Il punto di partenza è sempre un attento ascolto: l’artigiano conversa con il suo interlocutore e ne ascolta desideri, idee, esigenze.
Queste vengono poi tradotte praticamente in uno schizzo, che subirà le revisioni e le modifiche necessarie ad ottenere l’approvazione del committente, fino a diventare l’archetipo del gioiello richiesto.
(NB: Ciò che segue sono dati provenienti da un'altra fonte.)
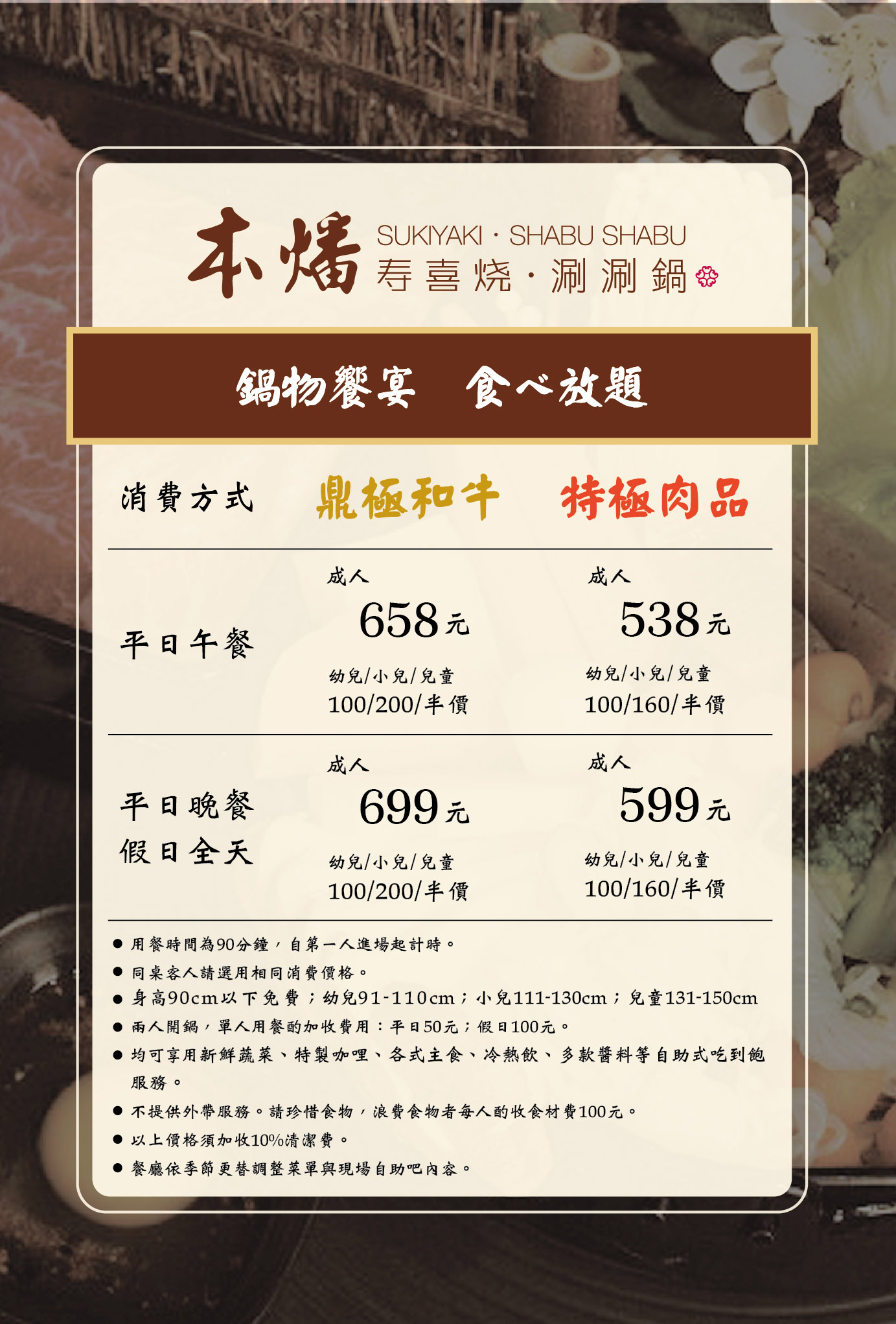 ●依季節更替調整菜單與現場自助吧內容。

Qualora il tipo di lavorazione lo richieda, l’orafo può creare un primo modello del gioiello utilizzando la cera. Questo procedimento risulta particolarmente utile se la forma da riprodurre è articolata: il preliminare in cera funge da guida e facilita l’esecuzione sul metallo prezioso.

L’uso di materiali di pregio, scelti personalmente dall’orafo, permette di considerare il gioiello da lui acquistato alla stregua di un buon investimento in oro o argento fisico.
Il valore dei monili e degli oggetti in oro lavorato infatti, viene calcolato sulla base della percentuale di oro puro in essi contenuta (testimoniata dalla titolatura impressa in punzonatura direttamente sull’oggetto), rapportata alla quotazione dell’oro puro (24 kt) registrata sui mercati.

Acquistare un gioiello realizzato da un laboratorio orafo garantisce quindi la possibilità di entrare in possesso di un bene avente un congruo valore corrente, munito di tutte le garanzie necessarie (comprese le eventuali certificazioni private relative alle pietre preziose), che potrà essere all’occorrenza rivenduto senza difficoltà anche grazie alla sua pregiata fattura.